For years she tolerated her husband’s iron-fisted rule, his brandishing of rifles and temperamentality. But their atrophied marriage and Souad’s feelings towards him for his past sins have extinguished her tolerance.

Despite its threadbare dialogue, the taboo-busting production examines a full inventory of themes that speak truth to Iraqis and their hidden trauma. Themes of infidelity, motherhood, shadow work, drug addiction, vengeance, mourning, militarism, forbearance, sacrifice, murder, and unrequited love.

Most potent is the theme of violence; not only political violence but the violence incubated inside the family home; violence which perforates outwards from the centre and from the top down — a discreet symbol of Iraq’s dismembered society.

Perspectives

The trigger-happy father, the meth-addict son, the golden child, the expendable mother, a daughter seen but not heard, and a woman hunted by her brothers for blood, are relatable characters that inhabit the country today.
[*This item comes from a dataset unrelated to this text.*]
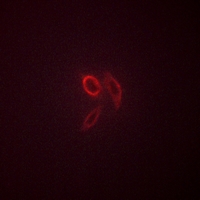 Immunofluorescent analysis of MUC1 (Phospho-Y1229) staining in HepG2 cells. Formalin-fixed cells were permeabilized with 0.1% Triton X-100 in TBS for 5-10 minutes and blocked with 3% BSA-PBS for 30 minutes at room temperature. Cells were probed with the primary antibody in 3% BSA-PBS and incubated overnight at 4 °C in a hidified chamber. Cells were washed with PBST and incubated with a AF594-conjugated secondary antibody (red) in PBS at room temperature in the dark.

The intense paranoia giving the film its razor edge is blunted by its delicate cinematography. It allows one to appreciate the nondescript beauty of the mundane in a country where the scars of war are visible above all else.

A misty aquamarine hue sets the tone of the allegorical thriller. Writer and director, Ahmed Abd, also toys with “The Gift of the Tigris” as a theme, due to its centrality in Iraqi life as far back as ancient Mesopotamia.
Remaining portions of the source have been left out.